So, a few days back I learned from Jeff's blog (http://grubbstreet.blogspot.com/2011/08/embarrassment-of-riches.html)about the current poll on NPR for people to vote for their top ten science fiction and fantasy books. And not long after, the MythSoc list started up several threads about the list, most of which revolved around definitions of what was (and was not) 'science fiction' or puzzlement where all the newcomers (books published within just the past few years) came from.
My first thought, when I skimmed through the books listed, was that half of my own top ten weren't even available as options. That's when I went back and adjusted my expectations: this wasn't the ten best books ever, it was ten best out of the pre-selected pool, as adjusted by Wolfe, Mendlesohn, & Clute. I'd completely missed the original round, but that didn't mean it wdn't be interesting to see what I thought was the best out of what remained.
Here are the ten I wound up voting for:

Bridge of Birds by Barry Hughart

Fafhrd & the Gray Mouser by Fritz Leiber

The Hitchhiker's Guide to the Galaxy by Douglas Adams

The Illustrated Man by Ray Bradbury

The Lord of the Rings by J. R. R. Tolkien

Lud-in-the-Mist by Hope Mirrlees

The Martian Chronicles by Ray Bradbury

The Sandman series by Neil Gaiman

Tigana by Guy Gavriel Kay

Watership Down by Richard Adams.


of these, the only iffy one for me is the Hitchhiker's Guide, which I chose not for the novelizations but the original radio programs for which he wrote the scripts; that sort of puts it in a different medium from the rest.*

As for Bradbury being on my list twice: if you're going to pick a top ten among writers of science fiction and fantasy, you might as well include the best writer of science fiction of them all among your choices. And I suppose they can stand respectively for his work in science fiction (THE MARTIAN CHRONICLES) and fantasy (THE ILLUSTRATED MAN), more or less.

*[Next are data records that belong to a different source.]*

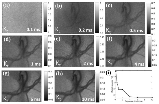 The exposure time is a freely selectable parameter, but the choice of the integration time has a great influence on the calculated contrast values (shown in Figure 4). To choose the proper integration time for imaging the blood flow of chick embryos, multi-exposure laser speckle contrast imaging was studied. Figure 4 shows the temporal speckle contrast images of a chick embryo (NO.1 day 3) obtained with the SI-LSCI at different exposure durations of 0.1, 0.2, 0.5, 1, 2, 4, 6, and 10 ms, respectively. All speckle contrast images in Figure 4 are obtained by imaging the same region of the chick embryo. With a short exposure durations of 0.2 ms (Figure 4b), the laser speckle contrast image shows the blood vessels with fast flow velocity around the heart. Meanwhile, with a shorter exposure duration of 0.1 ms (Figure 4a), the contrast image shows nothing. The vessels are invisible in the image. With a longer exposure duration of 10 ms (Figure 4h), the speckle contrast image highlights the blood vessels with slower flow velocity further away from the heart. The experimental results demonstrated that the smaller vessels, which have a lower flow velocity, become more apparent with the increasing exposure time. A quantitative analysis is provided in Figure 4i, where the relative noise σK/K in the speckle contrast images is plotted as a function of the exposure time. It shows that the image noise at the exposure time 4 ms is very close to that of 10 ms. Therefore, 4 ms is a near-optimal compromise between the image quality and the image acquisition speed for LS-TSCL and LS-SSCI.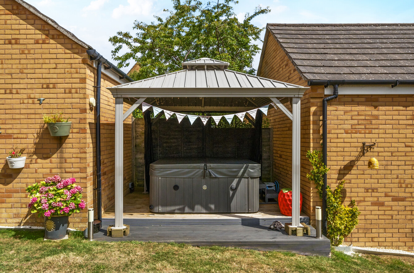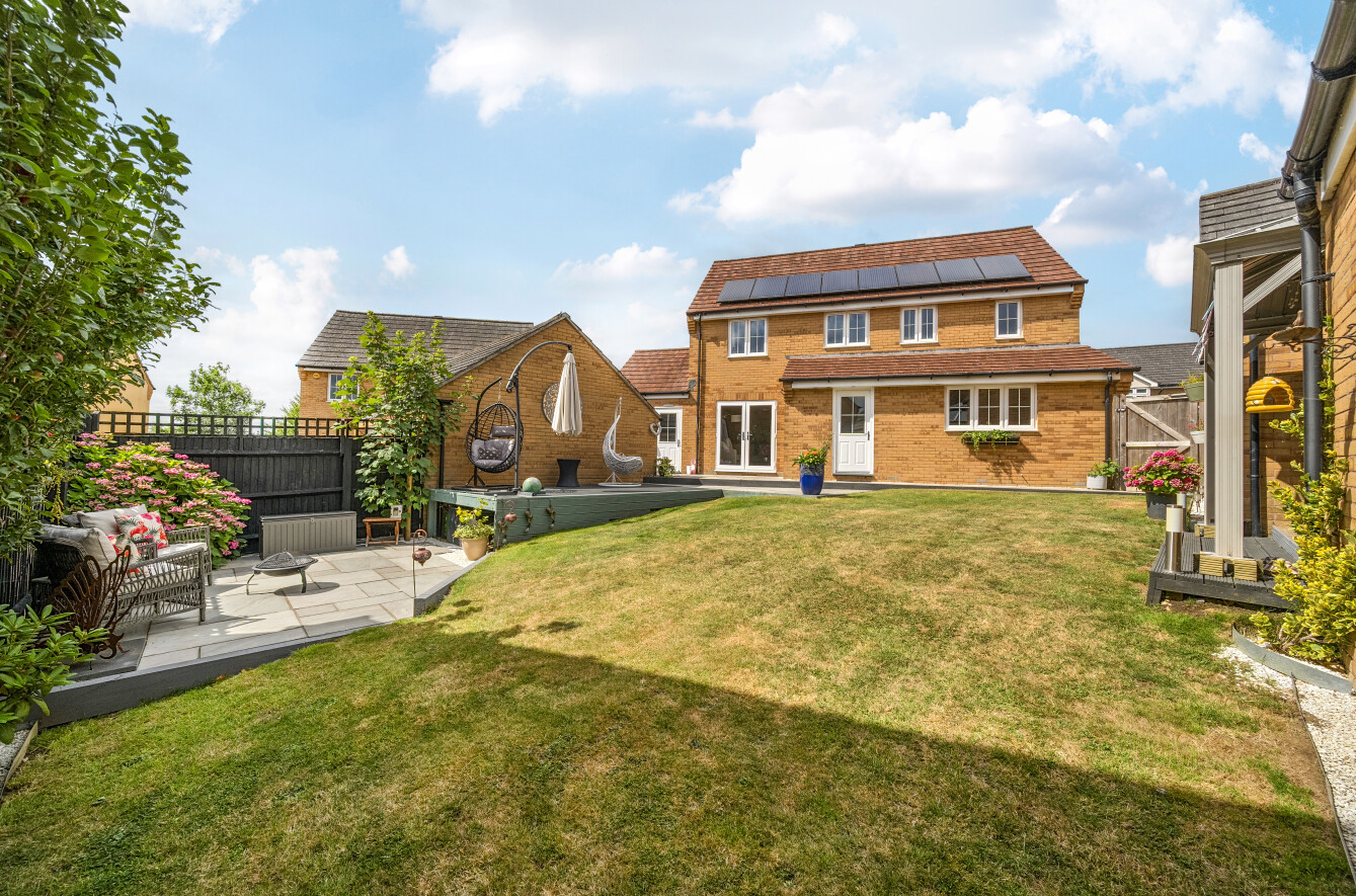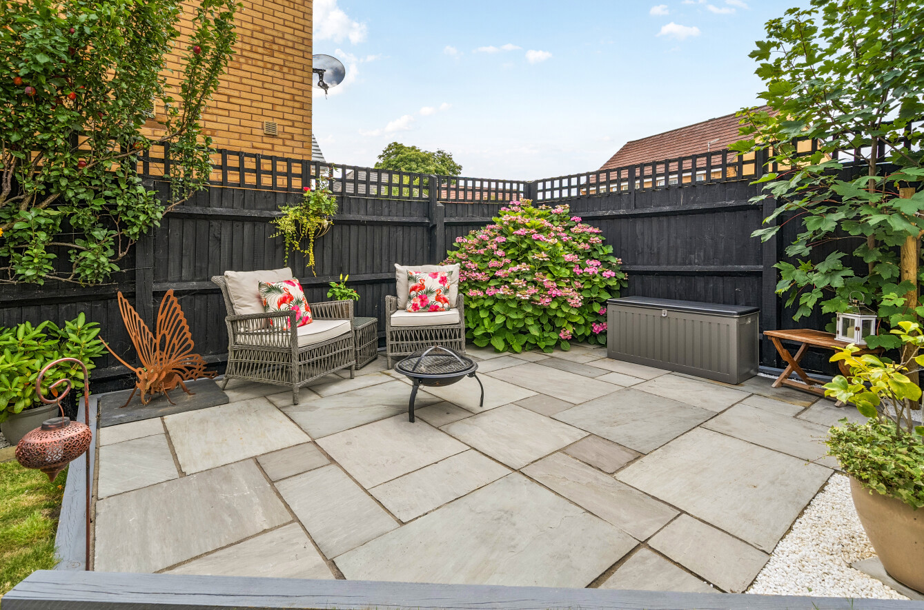 The landscaped garden is a standout feature, fully enclosed and tastefully designed to provide distinct zones for relaxation and entertainment. A paved patio adjoins the house, leading to a generous lawn. To the side of the garage, a raised decked terrace offers an inviting setting for alfresco dining, while a further decked area topped with a pergola is currently home to a hot tub. External lighting and a water tap add to the garden’s functionality.
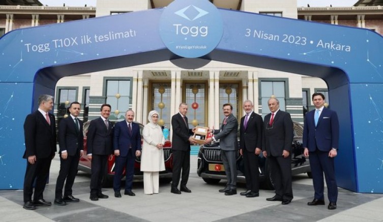 Türkiye'nin otomobili Togg'un teslimat süreci başladıktan sonra yerli otomobilin ilk teslimatı Cumhurbaşkanı Recep Tayyip Erdoğan'a ve eşine yapıldı. Anadolu rengindeki akıllı cihazın anahtarı Sanayi ve Teknoloji Bakanı Mustafa Varank tarafından Emine Erdoğan'a takdim edilirken, makam aracının anahtarı ise Türkiye Odalar ve Borsalar Birliği (TOBB) Başkanı Rifat Hisarcıklıoğlu tarafından Cumhurbaşkanı Erdoğan'a takdim edildi. Anahtarlar özel bir kutu içerisinde Erdoğan çiftine verildi.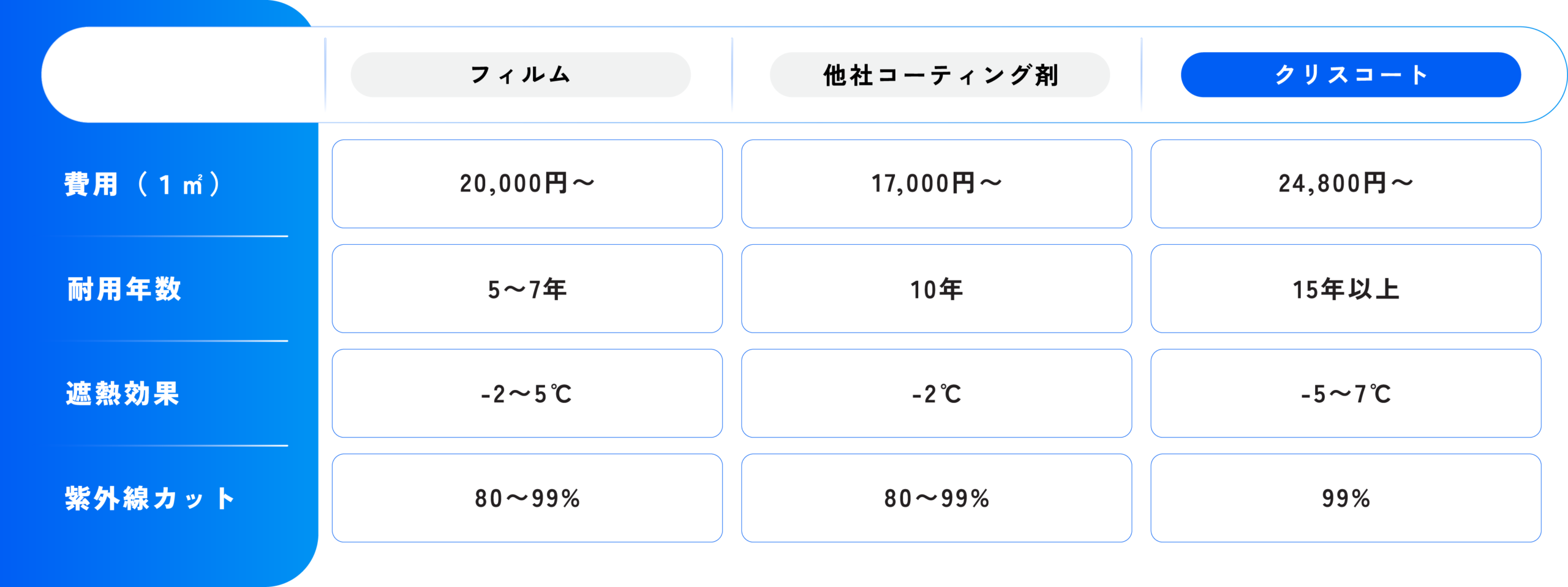フィルムや有機溶剤を用いたコーティングは経年劣化で白濁、剥がれが発生します。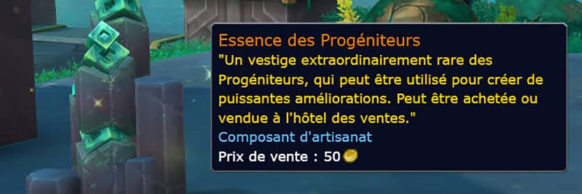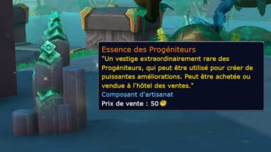 L'essence des Progéniteurs est un objet non-lié au personnage qui se place dans l'inventaire lorsque vous amassez l'un de ces composants extraordinairement rare de Zereth Mortis à travers plusieurs modes d'obtention. Cette essence est indispensable pour augmenter la puissance des objets légendaires de Shadowlands avec l'équivalent de 3 rangs supplémentaires par le nouveau composant d'artisanat optionnel du Vestige de l'Éternel.
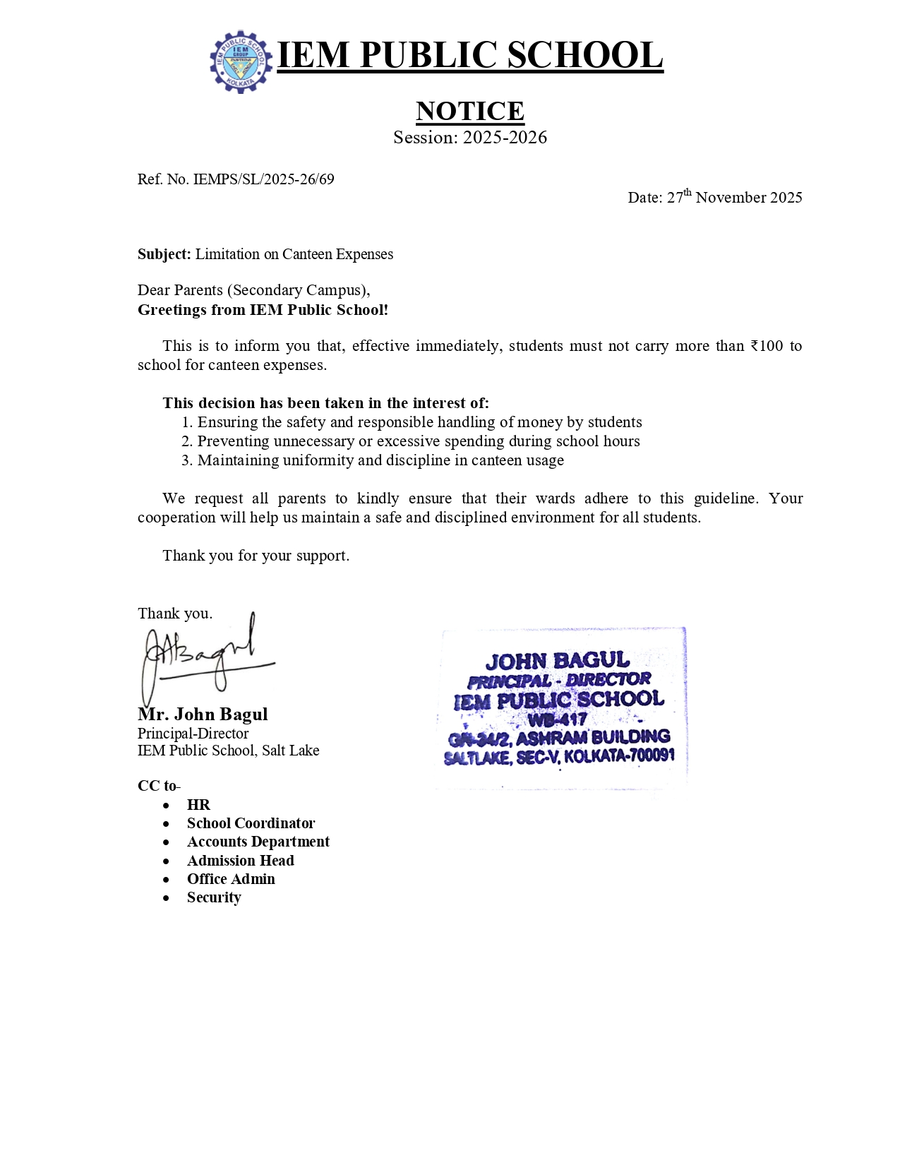 Notice for students regarding limitation on Canteen Expenses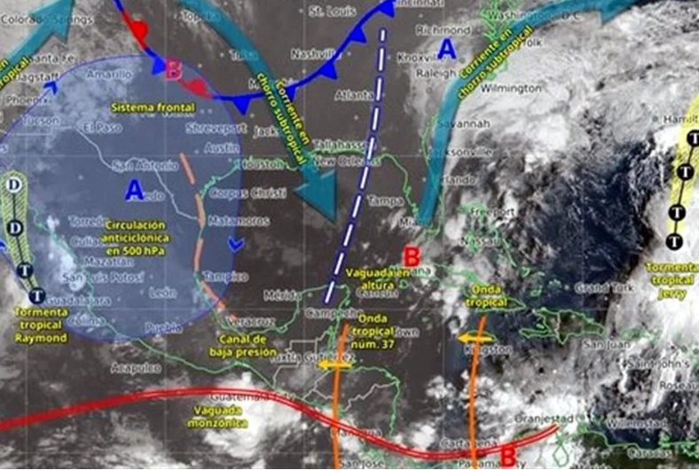 «La onda tropical núm. 37 se desplazará lentamente al sur de la Península de Yucatán y continuará interactuando con una vaguada en altura, manteniendo las condiciones para lluvias puntuales fuertes en Campeche, Yucatán y Quintana Roo», añadió el SMN.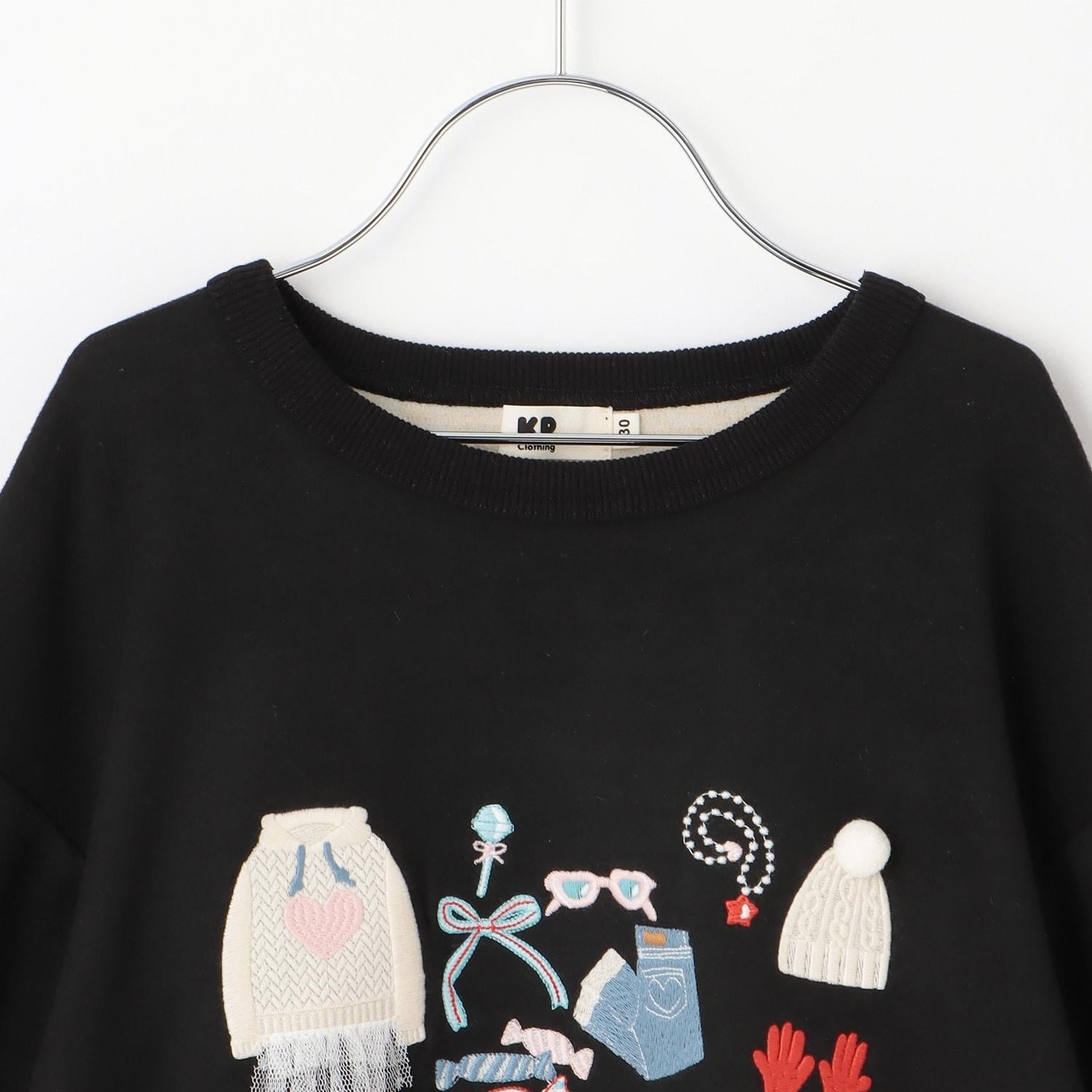 心形針織衫、絲帶、糖果、牛仔褲、項鍊、手套......繡有心愛物品圖案的運動衫。
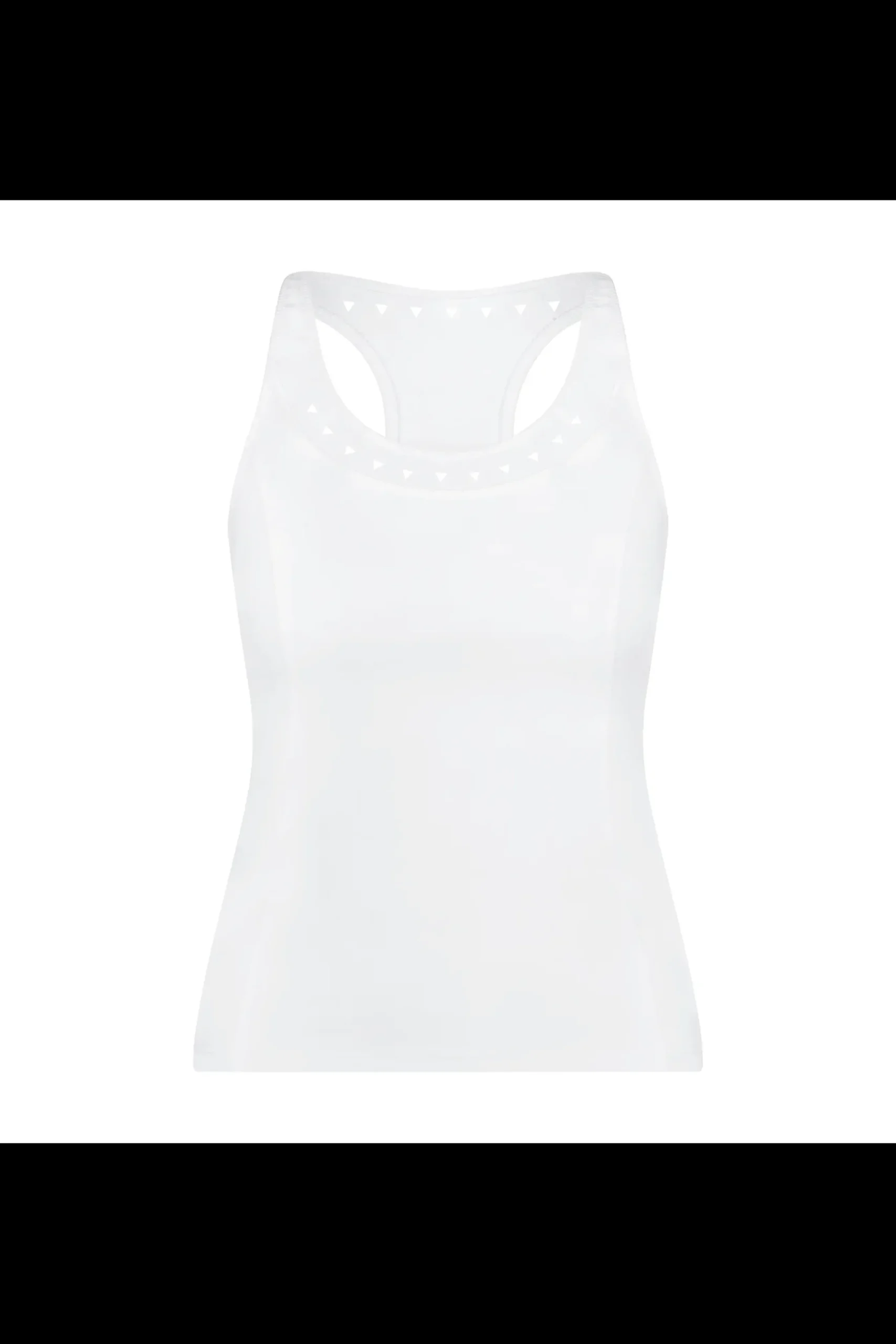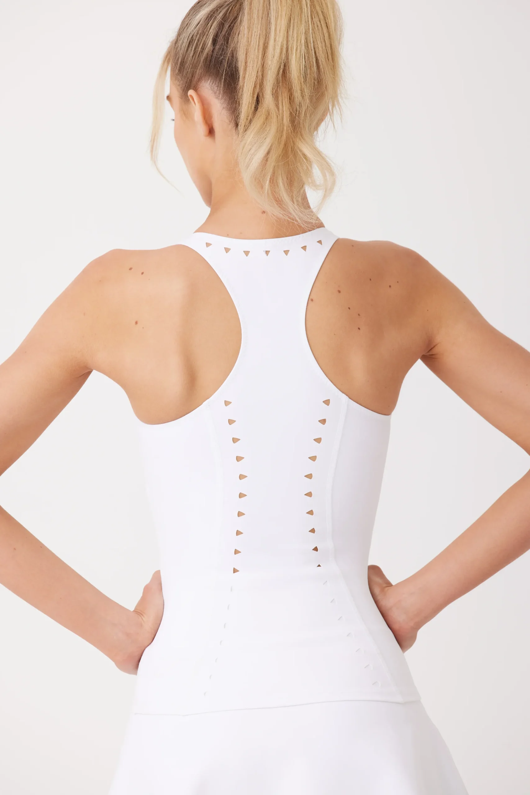 The Roberta Tank features our signature triangle laser cutouts in a super soft, breathable fabric. Shelf bra with removable pads, low scoop neck, and racer back. Pair with the Susie Skirt for a love match.
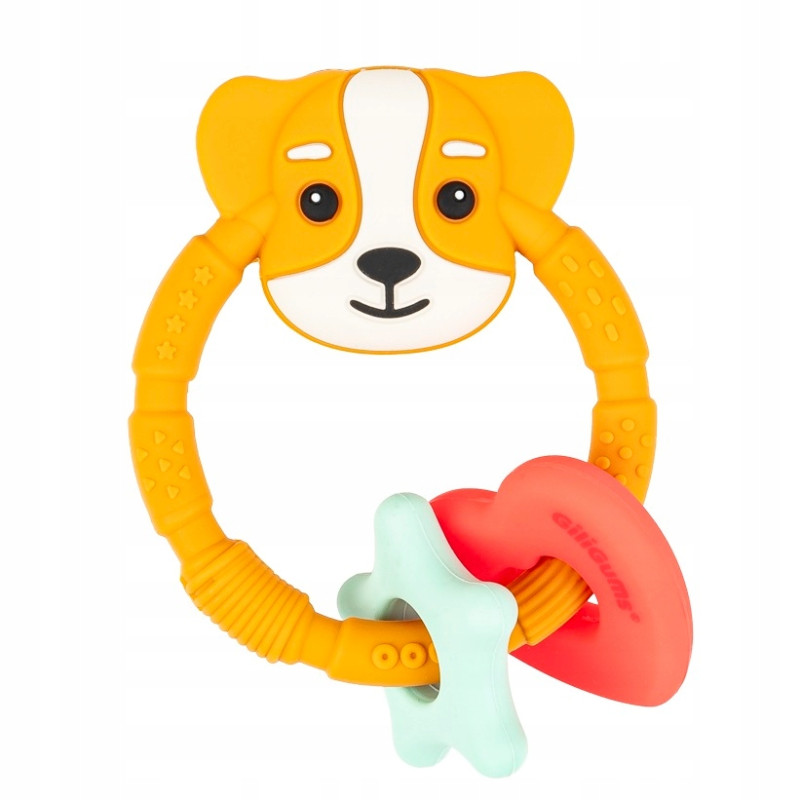 Śliczny gumowy gryzak, zabawka dla maluszków, który przyniesie ulgę podczas bolesnego ząbkowania. Zabawka jest w kształcie obręczy, pierścienia na którym znajduje się piesek, gwiazdka i serduszko.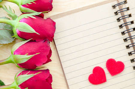 A close up image of pink roses on a wooden table with hearts. A romantic and beautiful arrangement of flowers.

Jeff mentioned how he had trouble trimming his list down; in contrast, my runner-ups were relatively few:

The Deeds of Paksennarion by Eliz. Moon

The Doomsday Book by Connie Willis

The Fionavar Tapestry by Guy Gavriel Kay

The Silmarillion by J. R. R. Tolkien

of these, Fionavar got edged out by Kay's TIGANA, while THE SILMARILLION got edged out (in my mind anyway) by THE HOBBIT, wh. shd have been on the list. Whereas the first and last book in Moon's series and the Willis wd have made it into my top dozen.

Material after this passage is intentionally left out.